**REQUIRED ACTION**
A faithful transcription of all the entries below is needed, without the pictures.

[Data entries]
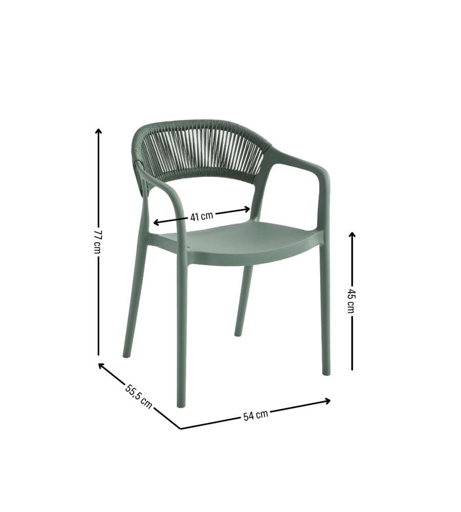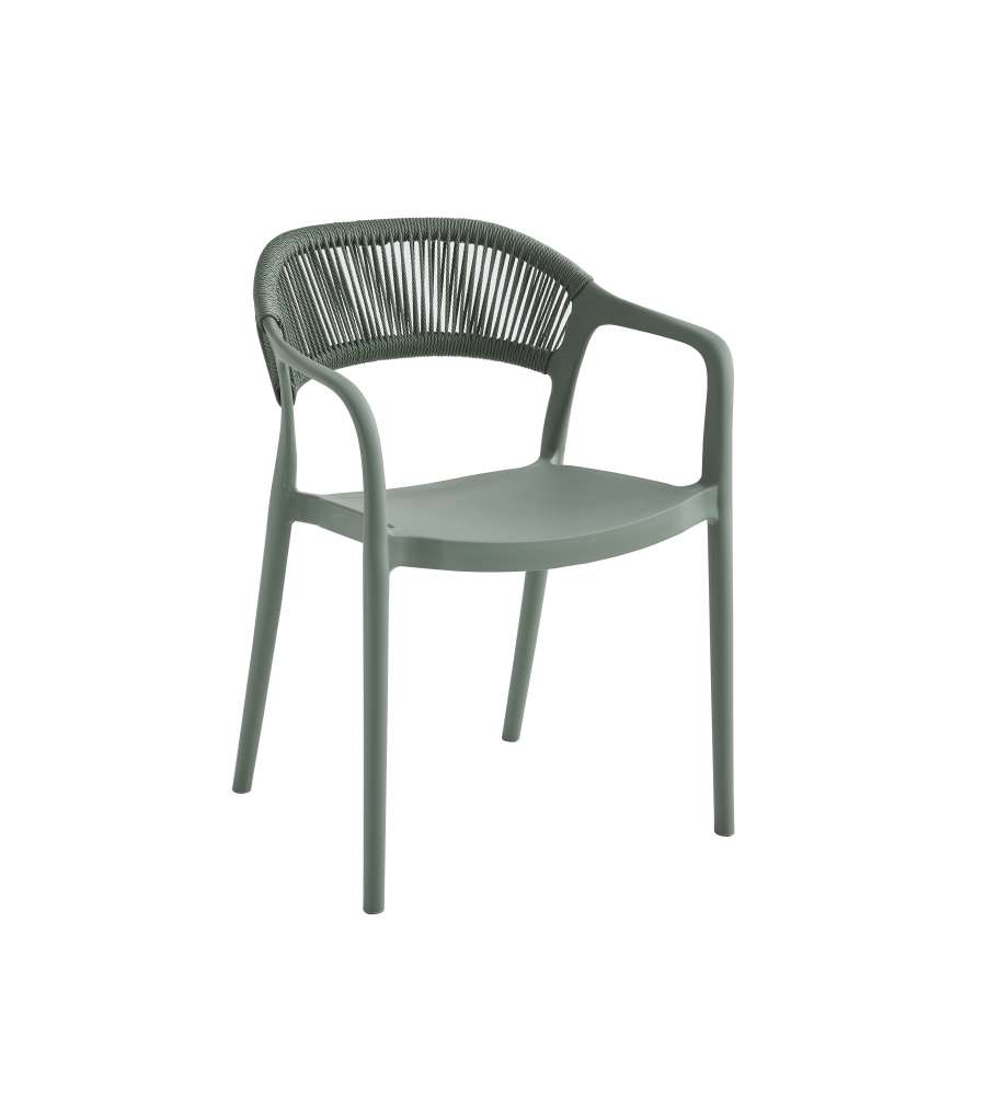 Poltroncina in polipropilene, 54x55,5x77 cm, leggera (4,5 kg) e impilabile, con portatafino a 120 kg. Schienale in corda intrecciata e braccioli integrati. Ideale per esterni, giardini e terrazzi, design morbido.Portata:
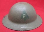 Original era manufacture. Handpainted 91st Division emblem on the helmet's front, with a complete liner with adjusting tag in place, and the leather chinstrap is all there. This helmet was produced with the provision for the Wilmer Eyeshield attachment, having three holes drilled into the edge of each side of the helmet rim, with a single split ring for adjustment purposes. Overall the helmet is quite sound, only negative is a dent in the bowl at top center.
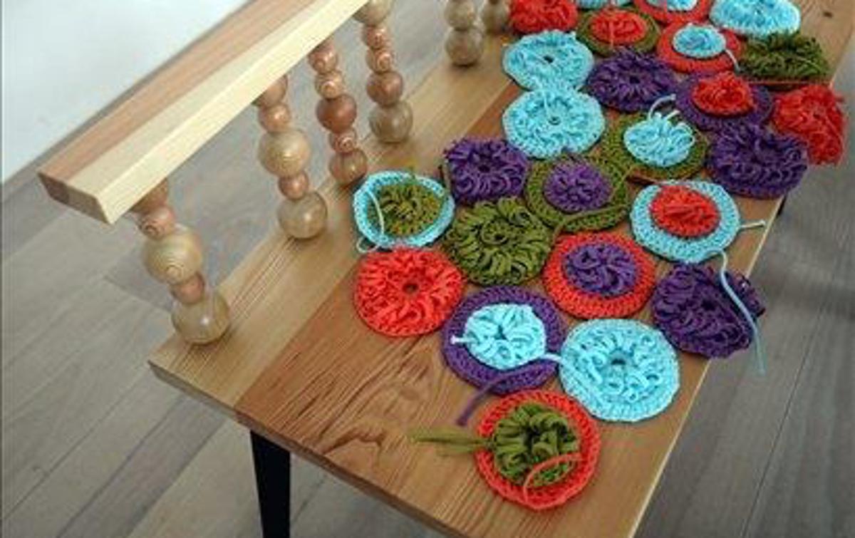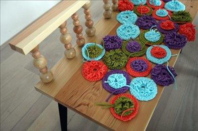 Ročno kvačkano cvetje les poživi ter namiguje na tradicijo rokodelstva pri nas. Motiv cvetja je v slovenski kuhinji prisoten že stoletja na vezenih prtih, stenskih vezeninah, prtičkih.
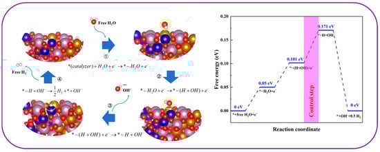 As we know, in alkaline conditions, the theoretical hydrogen evolution process was typically divided into four key steps: (2) the adsorption of water molecules, (3) the catalytic decomposition of water, (4) the formation of hydroxide ions, and (5) hydrogen evolution [48].
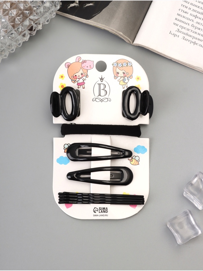 Набор для волос «Венди», резинка 5.5 см, 6 невидимок 5.5и5 см, 2 краба 2.5 см, классик, чёрный
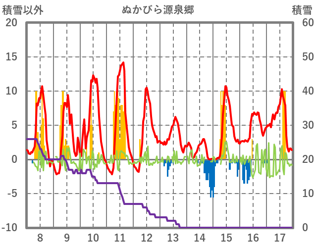 | 日 | 時 | 気温 | 降水 | 風向/風速 | 日照 | 積雪 | 降雪 |
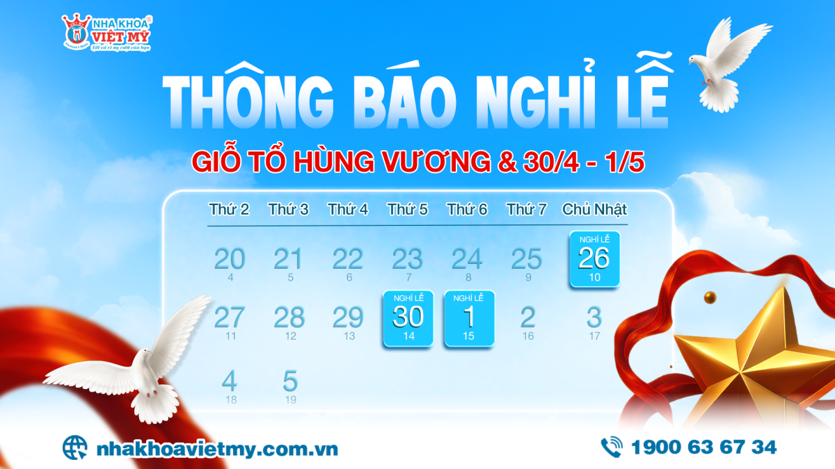 Để Quý khách thuận tiện sắp xếp thời gian thăm khám, Nha khoa Việt Mỹ xin thông báo lịch phục vụ khách hàng nhân dịp đại lễ Giỗ tổ Hùng Vương, ngày Giải phóng miền Nam, thống nhất đất nước (30/4) và Quốc tế lao động (1/5).
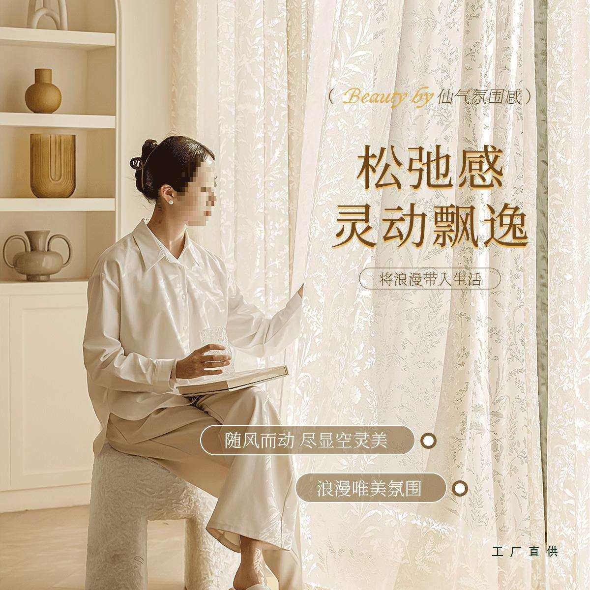 月枝影白纱帘法式小窗帘遮光2025新款卧室高级感透光不透人客厅布
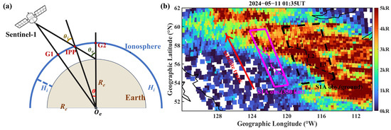 (a) Schematic diagram of IPP calculation. (b) Relative positions of SSUSI and Sentinel-1A. The dashed black rectangle shows the Sentinel-1A (S1A) ground observation area from Figure 1a. The solid magenta rectangle shows the Sentinel-1A observation area mapped onto 350 km altitude. The footpoint of satellite track is shown by the red line.
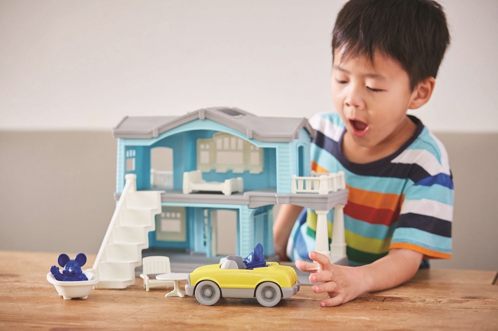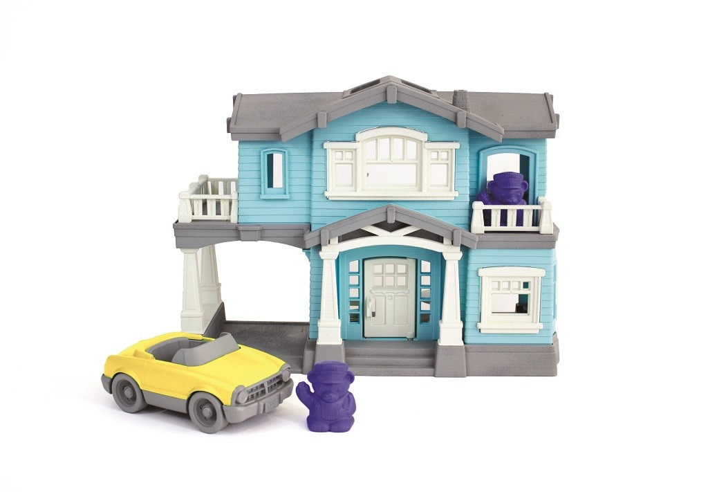 Koukejte, domeček Green Toys pro hru plnou představivosti a kreativity! Má dvě patra, v sadě také žlutý kabriolet, 2 postavičky myšek, schodiště, postel, vana, stůl a 2 židle. Posuvné schodiště můžete v druhém patře umístit kamkoliv, na balkon nebo na zadní stranu domu. Vana, postel, stůl a židle se také vejdou do kteréhokoliv pokoje. Domek má otevřenou zadní stranu a balkony, děti si jej mohou vybavit dle vlastní představy. Podpoří je v kooperativní a interaktivní hře. Dílky se do domu jednoduše vejdou, mohou tam tedy zůstat i mimo hru a ušetří vám tak úložný prostor. Hračka je netoxická, neobsahuje BPA, PVC, ftaláty, ani vnější nátěr. Vyrobeno ze 100% recyklovaného plastu. Pokud hledáte plastové hračky na písek nebo do vody a zároveň Vám velmi záleží na bezpečnosti Vašich dětí, podívejte se na výrobky americké značky Green Toys. Vyrábí ekologické hračky, které jsou populární nejen v USA, firma se svými výrobky sklízí neuvěřitelné úspěchy po celém světě. Green Toys, to je především odpovědná výroba hraček z recyklovaného plastu láhví od mléka. Hlavní vlastnosti: dům, 2 postavičky, kabriolet, schodiště, postel, vana, stůl, 2 židlevšechny dílky se vejdou do domubezpečný materiál bez obsahu BPA, PVC, ftalátůvhodné do myčkyvyrobeno ze 100% recyklovaného plastu v USA

**REPLY**
 Poltroncina in polipropilene, 54x55,5x77 cm, leggera (4,5 kg) e impilabile, con portatafino a 120 kg. Schienale in corda intrecciata e braccioli integrati. Ideale per esterni, giardini e terrazzi, design morbido.Portata:
 Original era manufacture. Handpainted 91st Division emblem on the helmet's front, with a complete liner with adjusting tag in place, and the leather chinstrap is all there. This helmet was produced with the provision for the Wilmer Eyeshield attachment, having three holes drilled into the edge of each side of the helmet rim, with a single split ring for adjustment purposes. Overall the helmet is quite sound, only negative is a dent in the bowl at top center.
 Ročno kvačkano cvetje les poživi ter namiguje na tradicijo rokodelstva pri nas. Motiv cvetja je v slovenski kuhinji prisoten že stoletja na vezenih prtih, stenskih vezeninah, prtičkih.
 As we know, in alkaline conditions, the theoretical hydrogen evolution process was typically divided into four key steps: (2) the adsorption of water molecules, (3) the catalytic decomposition of water, (4) the formation of hydroxide ions, and (5) hydrogen evolution [48].
 Набор для волос «Венди», резинка 5.5 см, 6 невидимок 5.5и5 см, 2 краба 2.5 см, классик, чёрный
 | 日 | 時 | 気温 | 降水 | 風向/風速 | 日照 | 積雪 | 降雪 |
 Để Quý khách thuận tiện sắp xếp thời gian thăm khám, Nha khoa Việt Mỹ xin thông báo lịch phục vụ khách hàng nhân dịp đại lễ Giỗ tổ Hùng Vương, ngày Giải phóng miền Nam, thống nhất đất nước (30/4) và Quốc tế lao động (1/5).
 月枝影白纱帘法式小窗帘遮光2025新款卧室高级感透光不透人客厅布
 (a) Schematic diagram of IPP calculation. (b) Relative positions of SSUSI and Sentinel-1A. The dashed black rectangle shows the Sentinel-1A (S1A) ground observation area from Figure 1a. The solid magenta rectangle shows the Sentinel-1A observation area mapped onto 350 km altitude. The footpoint of satellite track is shown by the red line.
 Koukejte, domeček Green Toys pro hru plnou představivosti a kreativity! Má dvě patra, v sadě také žlutý kabriolet, 2 postavičky myšek, schodiště, postel, vana, stůl a 2 židle. Posuvné schodiště můžete v druhém patře umístit kamkoliv, na balkon nebo na zadní stranu domu. Vana, postel, stůl a židle se také vejdou do kteréhokoliv pokoje. Domek má otevřenou zadní stranu a balkony, děti si jej mohou vybavit dle vlastní představy. Podpoří je v kooperativní a interaktivní hře. Dílky se do domu jednoduše vejdou, mohou tam tedy zůstat i mimo hru a ušetří vám tak úložný prostor. Hračka je netoxická, neobsahuje BPA, PVC, ftaláty, ani vnější nátěr. Vyrobeno ze 100% recyklovaného plastu. Pokud hledáte plastové hračky na písek nebo do vody a zároveň Vám velmi záleží na bezpečnosti Vašich dětí, podívejte se na výrobky americké značky Green Toys. Vyrábí ekologické hračky, které jsou populární nejen v USA, firma se svými výrobky sklízí neuvěřitelné úspěchy po celém světě. Green Toys, to je především odpovědná výroba hraček z recyklovaného plastu láhví od mléka. Hlavní vlastnosti: dům, 2 postavičky, kabriolet, schodiště, postel, vana, stůl, 2 židlevšechny dílky se vejdou do domubezpečný materiál bez obsahu BPA, PVC, ftalátůvhodné do myčkyvyrobeno ze 100% recyklovaného plastu v USA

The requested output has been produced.